Mains: General Studies- II: Governance, Constitution, Polity, Social Justice and International relations.


  • India Nepal boundary dispute.


India-Nepal boundary dispute:

  • The root of the misunderstanding between India and Nepal lies in the Treaty of Sugauli signed at the end of the Anglo-Nepalese War in 1815-16.
  • The Treaty of Sugauli stipulated that the Kali River would mark Nepal’s western border with the British East India Company.
  • The treaty had no map attached and the negotiators had no idea of the geography of the area which has added to the differing perceptions of the border on the two sides.

Agreed tri-junction:

  • The 1954 Trade Agreement between India and China mentions Lipulekh as one of the passes that could be used for trade and pilgrimage traffic; a police post was established by India at Kalapani in 1956.
  • The China-Nepal Boundary Treaty of 1961 is also in line with the current position.
  • The tri-junction, though not delineated, corresponds to the border claimed by India and shown on the British map of 1879, and in subsequent ones.

International law:

  • Principles of international law support the British and India’s claim.
  • Borders are established through political agreements and delimitation gives specific meaning to the verbal description and is considered part of the negotiations, and demarcation is the setting up of boundary markers.
  • In the case of Lipulekh, Kalapani and Limpiyadhura, the political agreement has been acted upon and is not open to challenge now.
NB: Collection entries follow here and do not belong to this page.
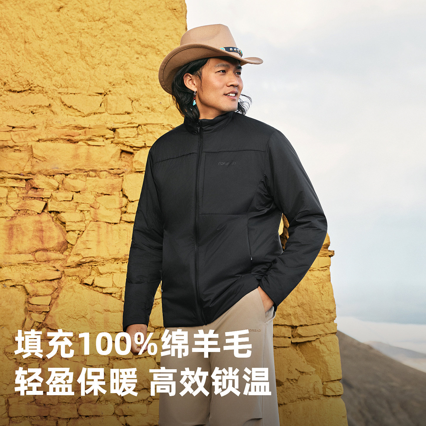 探路者2025新款男士户外运动休闲防风保暖透气绵羊毛立领棉服外套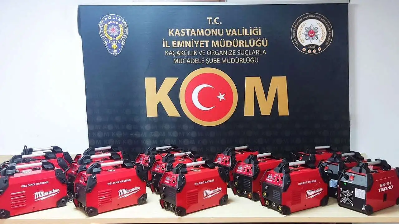 Kastamonu İl Emniyet Müdürlüğü Kaçakçılık ve Organize Suçlarla Mücadele (KOM) Şube Müdürlüğü ekiplerince yapılan operasyonda, 15 adet kaçak olduğu değerlendirilen kaynak makinesi, 45 adet kablo, 15 adet alüminyum folyo içerisinde kaynak teli, 15 adet kaynak siperliği, 15 adet kaynak camı ve 15 adet kaynak temizleme fırçası ele geçirildi.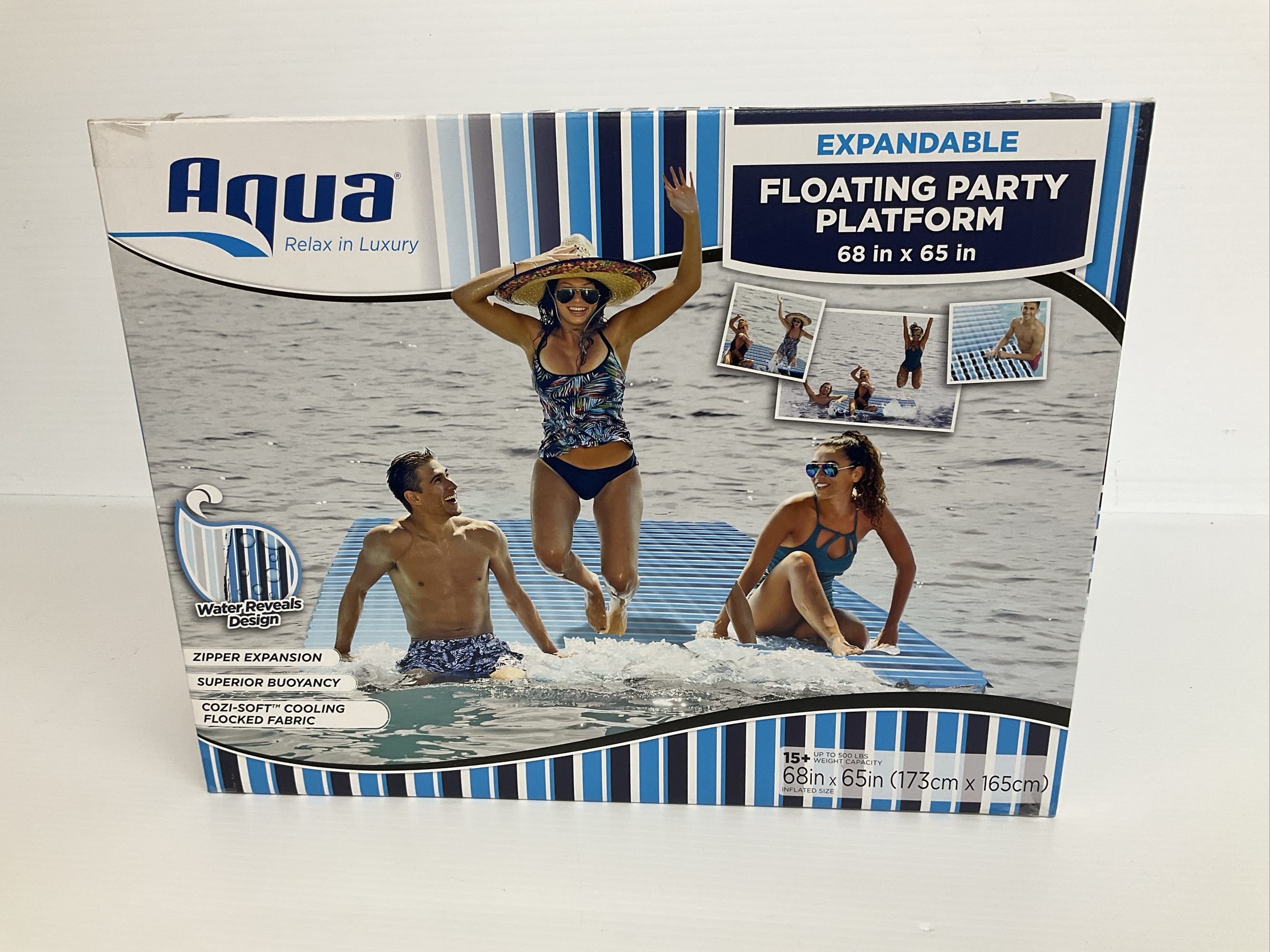 Aqua Expandable Floating Party Platform measures 68 x 65 inches. Features Cozi-soft cooling flocked fabric, heavy-duty construction, and mooring loops. Includes zipper expansion and Boston valve.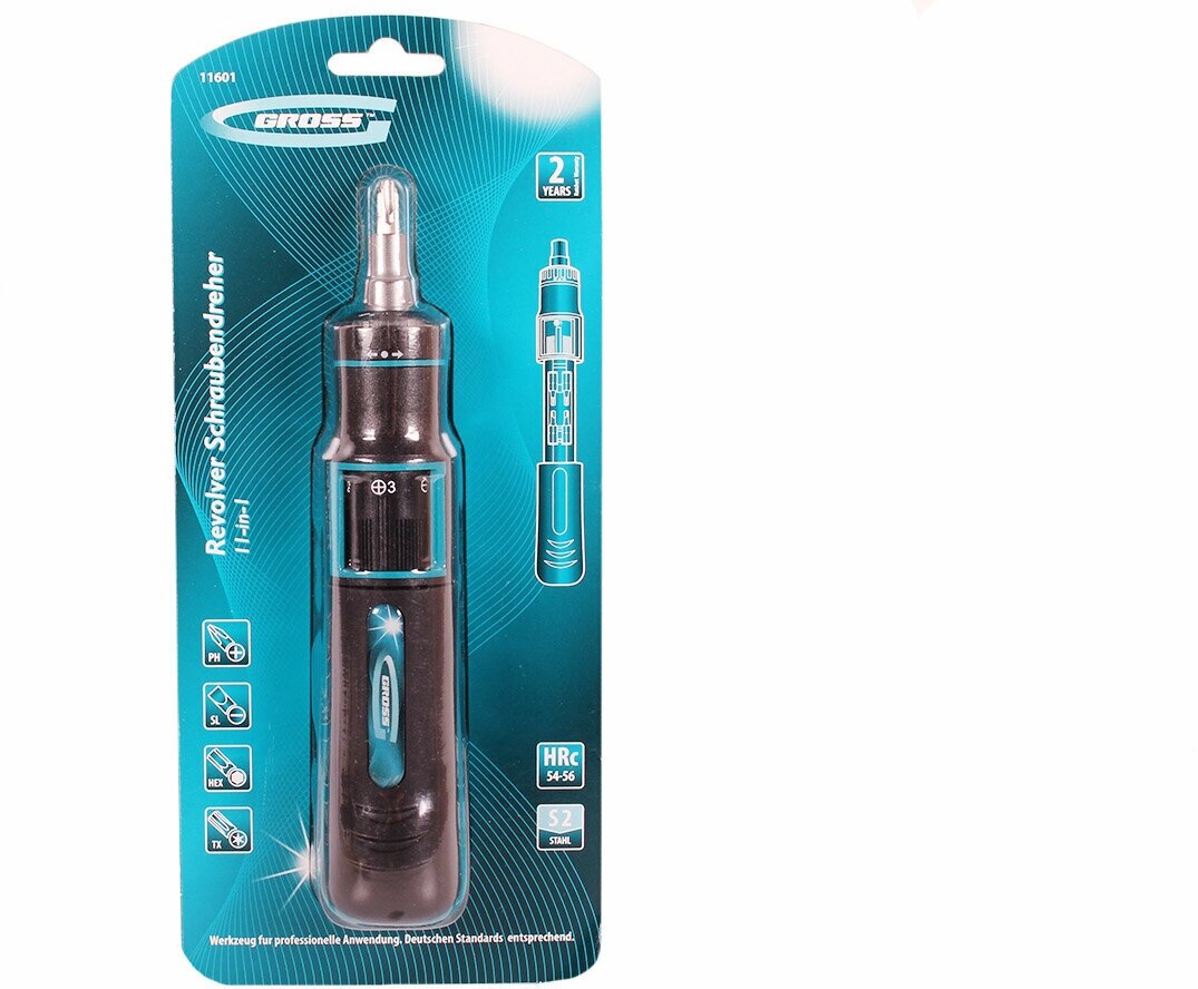 Отвертка реверсивная с револьверным механизмом Gross 11601, сталь S2, 11 шт Gross 9359108 .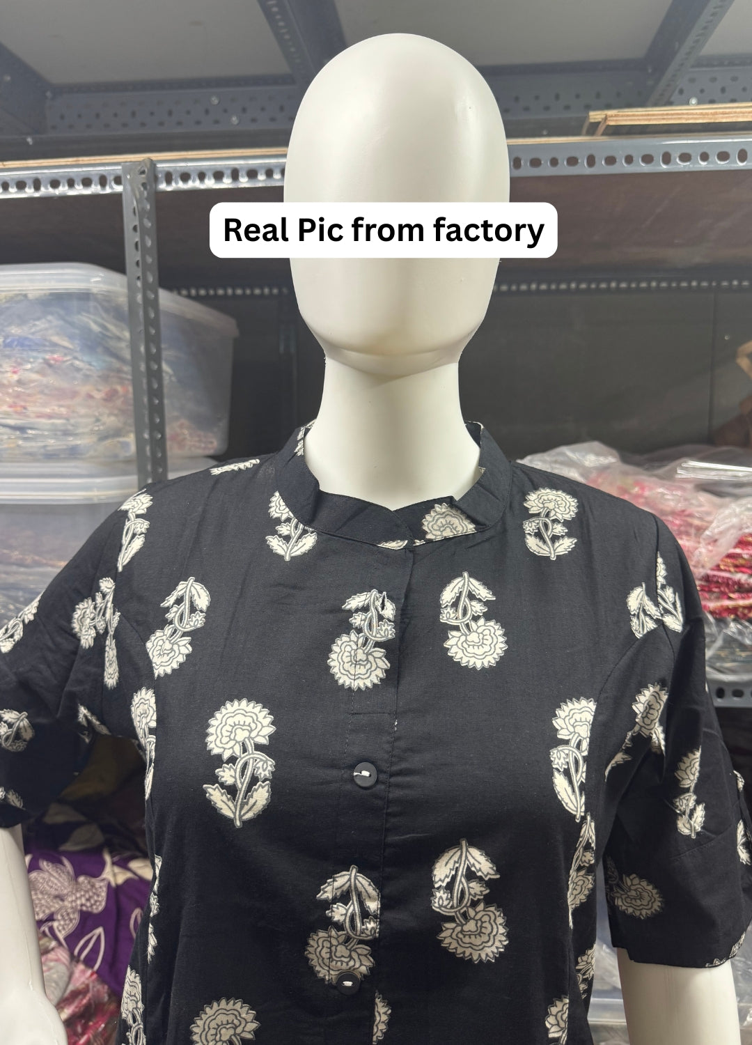 Knee Length - Black Flower - Cord Set - Pure Cotton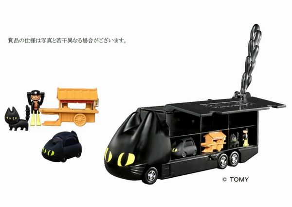 セット内容は、くろネコを模したドリームトミカ「チャルメラ くろネコ」と、プラキッズ「チャルメラおじさん」、それらを収納する大型車体の「大きなくろネコ」。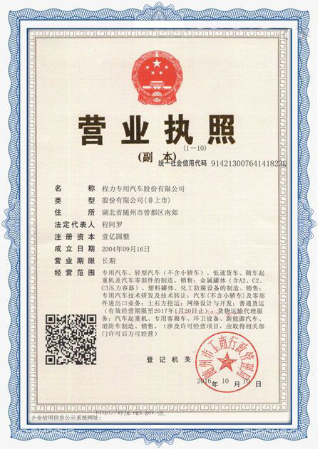 程力專用汽車股份有限公司各類專用汽車的專業(yè)廠家,大型專用汽車廠。國內(nèi)園林綠化、石油化工、市政環(huán)衛(wèi)、壓力容器專用汽車商。注冊“程力威”牌,產(chǎn)品代碼:“CLW”。東風(fēng)、解放、福田、重汽、陜汽、北奔等公司的重要合作伙伴,主要從事各類專用汽車的業(yè)務(wù),同時(shí)也銷售各大型廠家的整車及配件。公司擁有自行出口權(quán),其主導(dǎo)品種有灑水車系列、吸污(吸糞)車系列、垃圾車系列、掃地車系列、油罐加(運(yùn))油車系列、高空作業(yè)車系列、清障車系列、隨車吊系列、自卸車系列、教練車系列、半掛車系列、化工車系列、消防車系列、廂式(冷藏車)系列、牽引車系列、粉粒物料車系列、攪拌車系列、壓力容器系列、專用車配件等十八大系列300多個品種車型。同時(shí)批發(fā)東風(fēng)、解放、楚風(fēng)各種二類底盤。

A treaty has to be interpreted with reference to the circumstances prevailing at the time the treaty was concluded.
  • Nepal’s ploy of selective reference to certain maps of the British East India Company does not hold ground given the fact that its claim value is reduced by the delimitation done at that time.

Way forward:

  • It is imperative for India to come up with a white paper on the boundary. A white paper can help in clearing misapprehensions over the boundary.
  • The ensuing efforts should focus on resolving, not managing, different perceptions of the boundary.
  • The two countries should rely on the power of persuasion to settle misapprehensions left over by colonialism based on historical facts and summit diplomacy.
  • The same approach can be used to resolve the boundary dispute along the Line of Actual Control which is also not delineated.